● **TASK ITEM**: A single stretch of the material below is to be transcribed exactly, starting at the line with "The model of" and ending after the line with "President Bola Ahmed".

● **DATA FOR REVIEW**:
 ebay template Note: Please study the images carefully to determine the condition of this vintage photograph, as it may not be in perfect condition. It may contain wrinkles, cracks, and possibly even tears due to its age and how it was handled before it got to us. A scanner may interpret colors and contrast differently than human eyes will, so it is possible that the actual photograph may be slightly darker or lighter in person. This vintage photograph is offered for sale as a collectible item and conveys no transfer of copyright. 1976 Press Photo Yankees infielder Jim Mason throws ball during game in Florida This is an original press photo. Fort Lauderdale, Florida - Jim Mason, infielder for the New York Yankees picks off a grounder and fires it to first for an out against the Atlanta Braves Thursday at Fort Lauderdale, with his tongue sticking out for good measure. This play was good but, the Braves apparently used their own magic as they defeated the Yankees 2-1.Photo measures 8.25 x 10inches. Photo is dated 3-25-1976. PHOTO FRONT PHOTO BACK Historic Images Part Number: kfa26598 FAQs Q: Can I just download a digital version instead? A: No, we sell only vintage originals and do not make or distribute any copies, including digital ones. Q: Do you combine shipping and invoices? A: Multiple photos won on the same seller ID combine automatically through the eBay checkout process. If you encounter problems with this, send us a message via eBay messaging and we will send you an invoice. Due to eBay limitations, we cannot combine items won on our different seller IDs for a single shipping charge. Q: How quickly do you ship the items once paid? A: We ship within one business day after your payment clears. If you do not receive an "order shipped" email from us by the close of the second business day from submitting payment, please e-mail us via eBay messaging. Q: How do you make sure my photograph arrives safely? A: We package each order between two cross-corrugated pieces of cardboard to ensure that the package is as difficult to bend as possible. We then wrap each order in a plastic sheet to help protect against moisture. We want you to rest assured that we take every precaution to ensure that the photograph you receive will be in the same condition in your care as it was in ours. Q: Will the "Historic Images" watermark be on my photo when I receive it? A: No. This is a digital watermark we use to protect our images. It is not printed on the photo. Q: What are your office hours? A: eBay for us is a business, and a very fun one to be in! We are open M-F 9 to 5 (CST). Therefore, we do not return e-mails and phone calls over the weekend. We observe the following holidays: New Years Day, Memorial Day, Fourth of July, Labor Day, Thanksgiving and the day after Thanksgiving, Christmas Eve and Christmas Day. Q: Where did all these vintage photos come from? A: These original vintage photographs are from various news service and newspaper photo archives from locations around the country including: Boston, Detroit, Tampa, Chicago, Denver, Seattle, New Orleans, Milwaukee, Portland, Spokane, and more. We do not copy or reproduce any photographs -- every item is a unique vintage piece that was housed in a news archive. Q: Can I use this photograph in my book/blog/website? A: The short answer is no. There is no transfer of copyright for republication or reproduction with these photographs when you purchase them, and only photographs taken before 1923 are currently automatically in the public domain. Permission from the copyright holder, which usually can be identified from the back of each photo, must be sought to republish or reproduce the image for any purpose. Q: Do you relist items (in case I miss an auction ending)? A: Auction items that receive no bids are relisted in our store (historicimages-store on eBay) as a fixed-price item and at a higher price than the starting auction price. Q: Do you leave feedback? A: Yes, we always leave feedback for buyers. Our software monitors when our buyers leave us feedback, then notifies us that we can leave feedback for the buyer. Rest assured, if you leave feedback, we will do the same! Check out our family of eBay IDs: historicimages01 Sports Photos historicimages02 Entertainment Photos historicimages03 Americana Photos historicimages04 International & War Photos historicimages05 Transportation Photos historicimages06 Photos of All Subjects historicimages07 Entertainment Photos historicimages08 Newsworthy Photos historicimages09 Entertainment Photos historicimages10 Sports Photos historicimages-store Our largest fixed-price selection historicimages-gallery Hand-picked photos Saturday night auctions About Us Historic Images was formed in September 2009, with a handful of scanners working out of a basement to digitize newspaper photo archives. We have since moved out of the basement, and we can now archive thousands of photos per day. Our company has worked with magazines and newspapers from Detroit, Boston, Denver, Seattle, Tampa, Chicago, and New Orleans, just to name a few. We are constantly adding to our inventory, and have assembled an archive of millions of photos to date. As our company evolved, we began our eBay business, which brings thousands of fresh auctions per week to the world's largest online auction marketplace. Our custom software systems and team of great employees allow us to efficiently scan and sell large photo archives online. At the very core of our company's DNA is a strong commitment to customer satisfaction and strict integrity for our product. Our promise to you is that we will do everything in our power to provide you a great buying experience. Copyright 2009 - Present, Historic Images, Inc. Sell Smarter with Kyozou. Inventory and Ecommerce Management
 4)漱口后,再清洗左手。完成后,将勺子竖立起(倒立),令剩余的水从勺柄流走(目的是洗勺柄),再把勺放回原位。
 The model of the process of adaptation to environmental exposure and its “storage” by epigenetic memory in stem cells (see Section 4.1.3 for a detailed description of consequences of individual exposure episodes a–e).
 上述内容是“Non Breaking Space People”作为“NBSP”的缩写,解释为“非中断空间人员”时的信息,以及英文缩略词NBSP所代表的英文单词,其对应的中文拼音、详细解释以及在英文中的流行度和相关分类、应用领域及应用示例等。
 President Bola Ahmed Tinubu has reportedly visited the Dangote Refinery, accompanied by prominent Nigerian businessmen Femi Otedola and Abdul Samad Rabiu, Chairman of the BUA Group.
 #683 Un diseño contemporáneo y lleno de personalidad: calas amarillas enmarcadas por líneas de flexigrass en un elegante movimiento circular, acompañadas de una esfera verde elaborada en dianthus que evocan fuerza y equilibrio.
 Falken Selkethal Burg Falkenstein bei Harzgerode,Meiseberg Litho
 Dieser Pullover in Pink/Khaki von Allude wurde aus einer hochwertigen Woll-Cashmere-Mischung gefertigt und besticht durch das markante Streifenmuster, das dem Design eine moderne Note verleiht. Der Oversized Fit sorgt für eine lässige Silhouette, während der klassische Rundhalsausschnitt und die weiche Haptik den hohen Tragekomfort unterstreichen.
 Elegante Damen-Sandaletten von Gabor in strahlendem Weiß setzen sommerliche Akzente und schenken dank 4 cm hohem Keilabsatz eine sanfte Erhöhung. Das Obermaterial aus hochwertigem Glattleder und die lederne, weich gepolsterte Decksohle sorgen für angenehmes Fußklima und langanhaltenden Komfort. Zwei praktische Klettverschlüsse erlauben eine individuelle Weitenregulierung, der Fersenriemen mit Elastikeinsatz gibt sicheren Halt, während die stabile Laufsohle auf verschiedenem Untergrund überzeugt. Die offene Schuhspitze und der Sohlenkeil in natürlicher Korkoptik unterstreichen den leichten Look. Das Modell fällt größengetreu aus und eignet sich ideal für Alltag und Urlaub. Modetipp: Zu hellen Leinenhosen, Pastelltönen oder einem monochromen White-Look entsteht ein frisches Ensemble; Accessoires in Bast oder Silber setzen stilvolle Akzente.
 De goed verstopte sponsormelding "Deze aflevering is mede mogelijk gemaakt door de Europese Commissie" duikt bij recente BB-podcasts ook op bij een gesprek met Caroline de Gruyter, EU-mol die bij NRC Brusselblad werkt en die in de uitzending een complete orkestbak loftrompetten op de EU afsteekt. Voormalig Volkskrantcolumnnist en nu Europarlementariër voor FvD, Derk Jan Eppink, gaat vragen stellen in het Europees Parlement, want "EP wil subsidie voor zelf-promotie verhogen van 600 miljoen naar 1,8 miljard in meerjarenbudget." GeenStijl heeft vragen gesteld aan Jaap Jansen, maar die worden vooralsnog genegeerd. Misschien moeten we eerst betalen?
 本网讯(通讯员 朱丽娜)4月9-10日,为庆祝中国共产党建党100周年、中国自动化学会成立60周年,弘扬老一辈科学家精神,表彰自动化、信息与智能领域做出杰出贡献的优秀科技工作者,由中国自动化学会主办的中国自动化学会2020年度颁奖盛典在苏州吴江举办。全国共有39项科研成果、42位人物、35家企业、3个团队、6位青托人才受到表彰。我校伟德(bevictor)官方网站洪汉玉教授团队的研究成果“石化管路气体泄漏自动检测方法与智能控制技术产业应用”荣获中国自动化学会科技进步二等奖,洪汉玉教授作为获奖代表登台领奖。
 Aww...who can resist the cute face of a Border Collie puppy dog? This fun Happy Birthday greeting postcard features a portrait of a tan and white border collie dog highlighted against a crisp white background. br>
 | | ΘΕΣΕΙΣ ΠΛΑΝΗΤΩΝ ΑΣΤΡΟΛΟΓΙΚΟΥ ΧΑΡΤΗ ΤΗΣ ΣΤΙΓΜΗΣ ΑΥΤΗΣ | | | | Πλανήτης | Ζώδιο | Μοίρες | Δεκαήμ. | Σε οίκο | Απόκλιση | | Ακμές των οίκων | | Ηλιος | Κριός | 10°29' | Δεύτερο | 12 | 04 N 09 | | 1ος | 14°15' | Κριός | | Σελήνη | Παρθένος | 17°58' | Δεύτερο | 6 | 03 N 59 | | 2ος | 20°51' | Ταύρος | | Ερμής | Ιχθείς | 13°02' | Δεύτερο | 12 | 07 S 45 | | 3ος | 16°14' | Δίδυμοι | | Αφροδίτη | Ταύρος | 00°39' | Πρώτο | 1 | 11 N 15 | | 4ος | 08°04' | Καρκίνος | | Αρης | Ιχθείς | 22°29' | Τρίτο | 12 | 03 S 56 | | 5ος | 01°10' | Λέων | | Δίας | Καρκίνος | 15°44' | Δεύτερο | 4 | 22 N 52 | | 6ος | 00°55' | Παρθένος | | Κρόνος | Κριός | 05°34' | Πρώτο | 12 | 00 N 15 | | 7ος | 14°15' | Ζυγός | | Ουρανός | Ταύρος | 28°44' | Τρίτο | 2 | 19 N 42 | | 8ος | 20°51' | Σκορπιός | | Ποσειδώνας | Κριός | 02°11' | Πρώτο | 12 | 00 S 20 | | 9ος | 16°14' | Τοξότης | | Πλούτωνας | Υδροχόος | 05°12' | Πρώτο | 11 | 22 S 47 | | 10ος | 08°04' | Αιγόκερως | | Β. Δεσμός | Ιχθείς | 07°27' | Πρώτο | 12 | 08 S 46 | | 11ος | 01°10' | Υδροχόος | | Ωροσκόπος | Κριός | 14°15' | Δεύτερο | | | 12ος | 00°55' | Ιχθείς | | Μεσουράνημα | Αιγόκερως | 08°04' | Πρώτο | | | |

● **RESPONSE BELOW**:
 The model of the process of adaptation to environmental exposure and its “storage” by epigenetic memory in stem cells (see Section 4.1.3 for a detailed description of consequences of individual exposure episodes a–e).
 上述内容是“Non Breaking Space People”作为“NBSP”的缩写,解释为“非中断空间人员”时的信息,以及英文缩略词NBSP所代表的英文单词,其对应的中文拼音、详细解释以及在英文中的流行度和相关分类、应用领域及应用示例等。
 President Bola Ahmed Tinubu has reportedly visited the Dangote Refinery, accompanied by prominent Nigerian businessmen Femi Otedola and Abdul Samad Rabiu, Chairman of the BUA Group.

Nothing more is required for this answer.